NBC News political analyst and Washington Post reporter Robert Costa was asked by host Chuck Todd about the conspiracy group.
“The president, himself, has believed in conspiracies before. His political career was very much launched on how he came onto that birtherism with President Obama,” Costa said. “But there’s not really an expectation inside of this White House that the president’s going to somehow speak out on QAnon. People inside of the president’s inner circle, they see the ‘Q’ signs as much as anybody in the press pen sees those ‘Q’ signs. But they believe this is the Republican base. This is the Trump base. They have a deep suspicion of the deep state.”
Todd directed his next question to Republican strategist Al Cardenas, saying, “This is the Republican base. Are you concerned?”
Cardenas replied, “Of course. Look, I’ve lived through this group of people who believe that the moon landing was filmed in a studio somewhere. And we all remember also how our government kept a place in Nevada where all the aliens were incarcerated. But, you know, a lot of people now actually believe that these are actual people in government. This is very different. Now, it’s people in government undermining the country. And by them not denying this at the higher levels of the administration, it gives a credibility that further feeds off the idea that government is not to be trusted.”

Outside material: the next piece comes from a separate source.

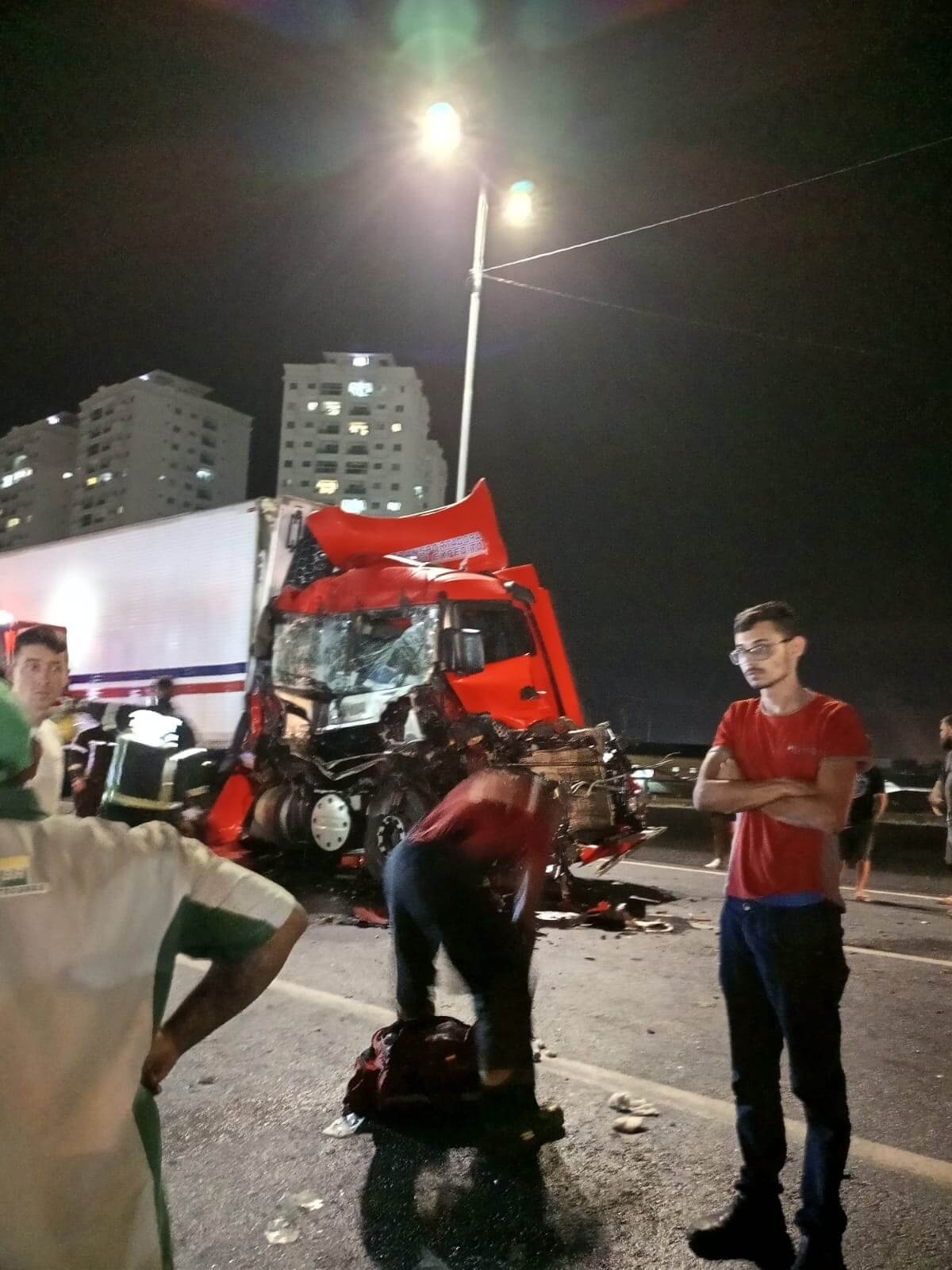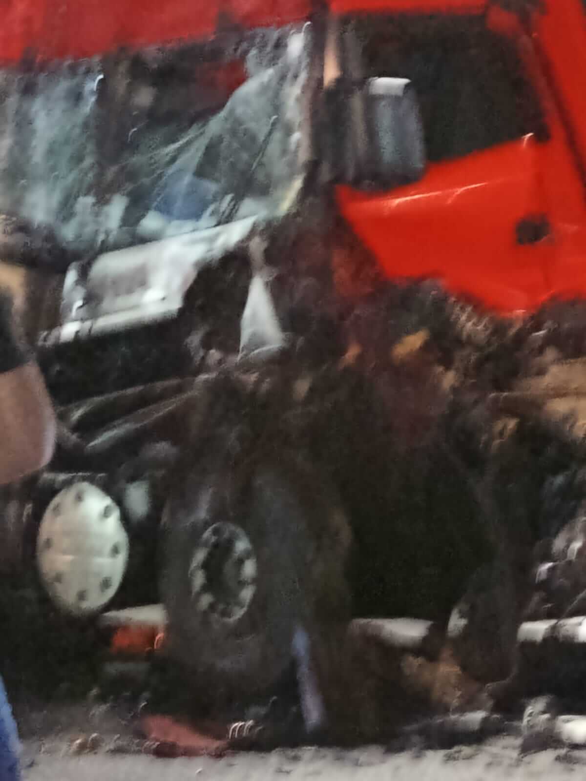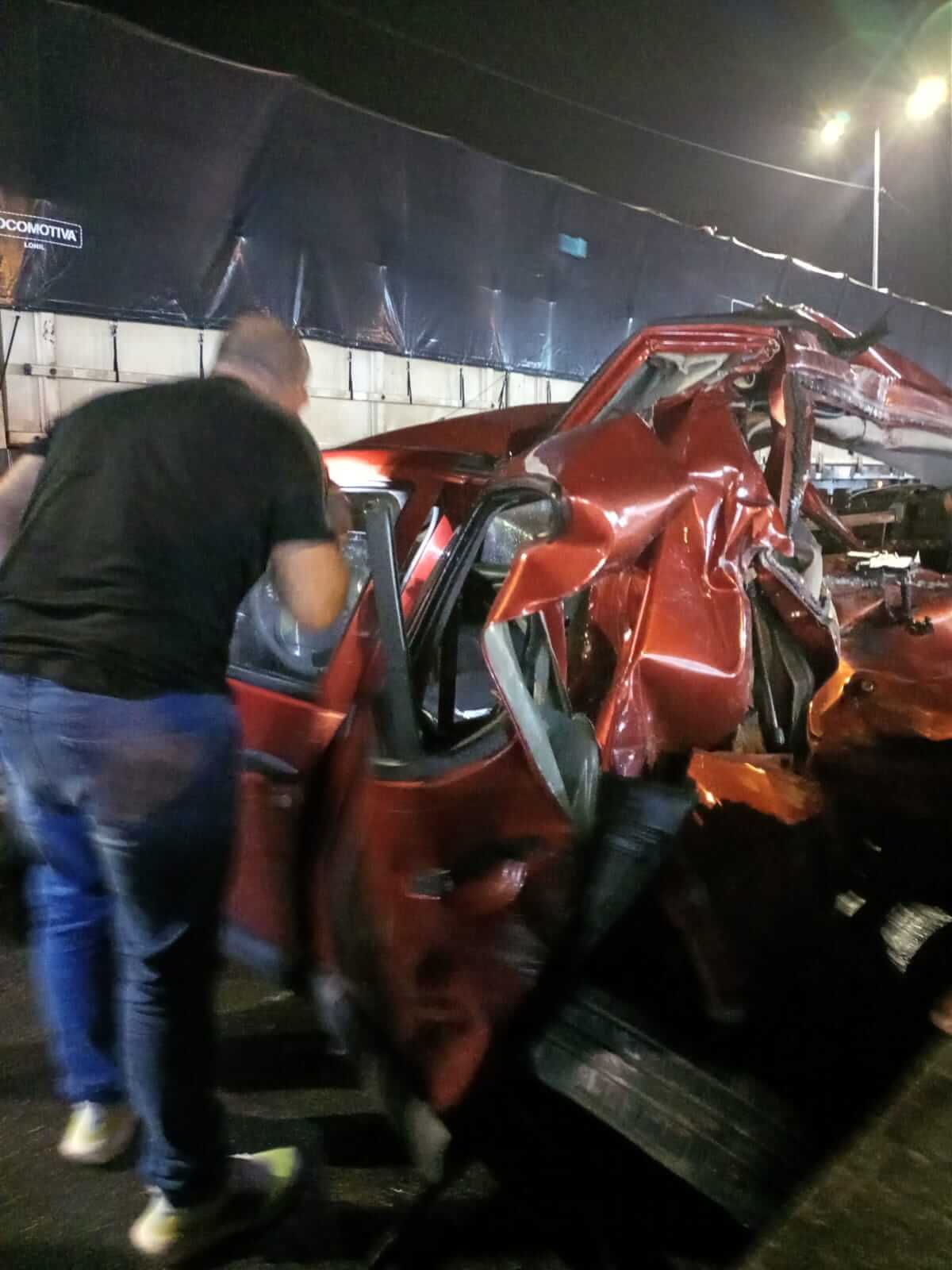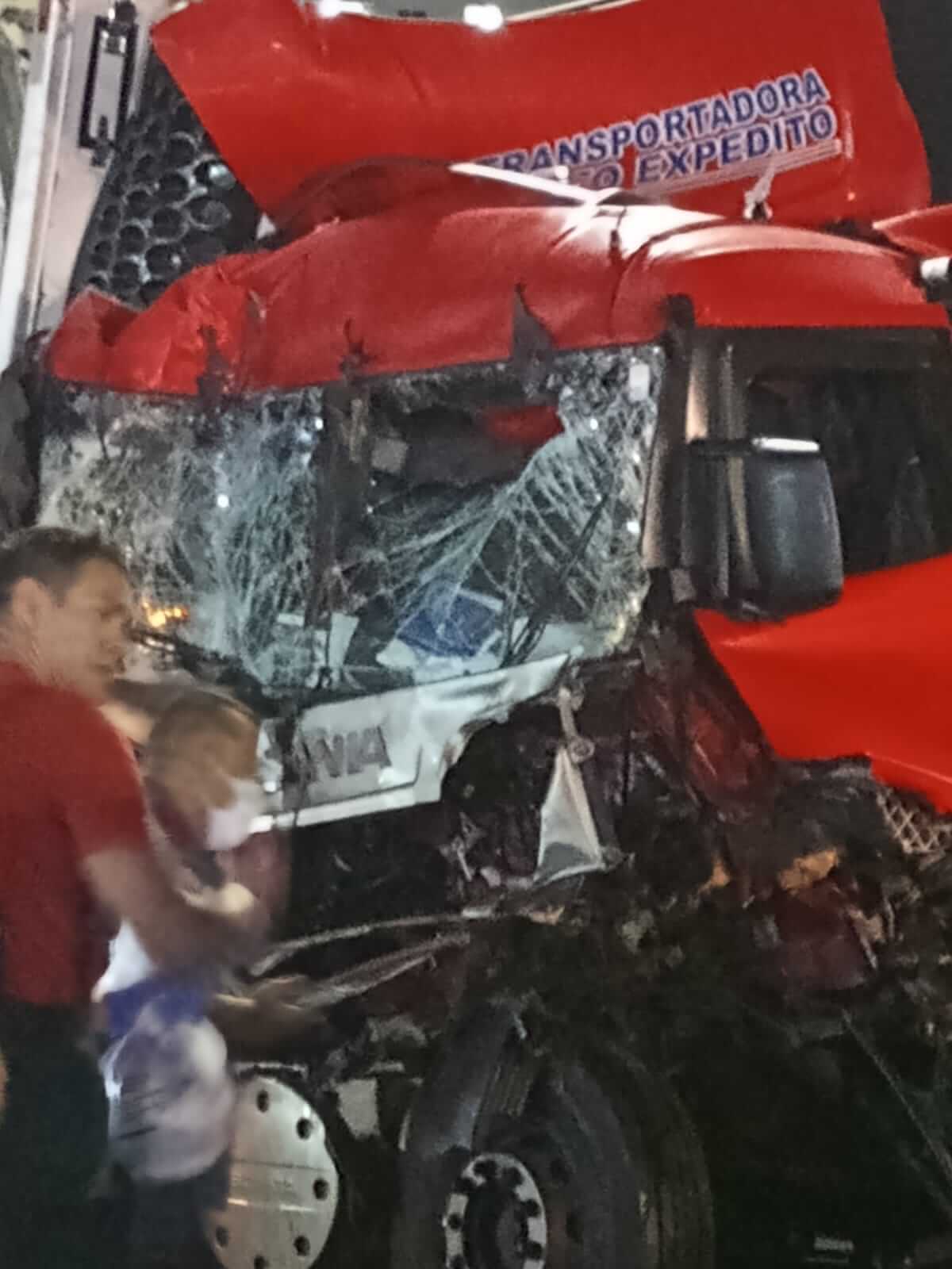Após o impacto o veículo foi lançado contra o guardrail e a carreta ainda colidiu em outro caminhão na frente.

White House Press Secretary Sarah Sanders was asked about QAnon during her press briefing on Wednesday. (RELATED: Who Or What Is QAnon? [VIDEO])
Sanders was asked, “Does the president encourage the support of people who showed up last night in these ‘QAnon’ and ‘Blacks for Trump’ fringe groups?”
Sanders responded, “The President condemns and denounces any group that would incite violence against another individual, and certainly doesn’t support groups that would promote that type of behavior.”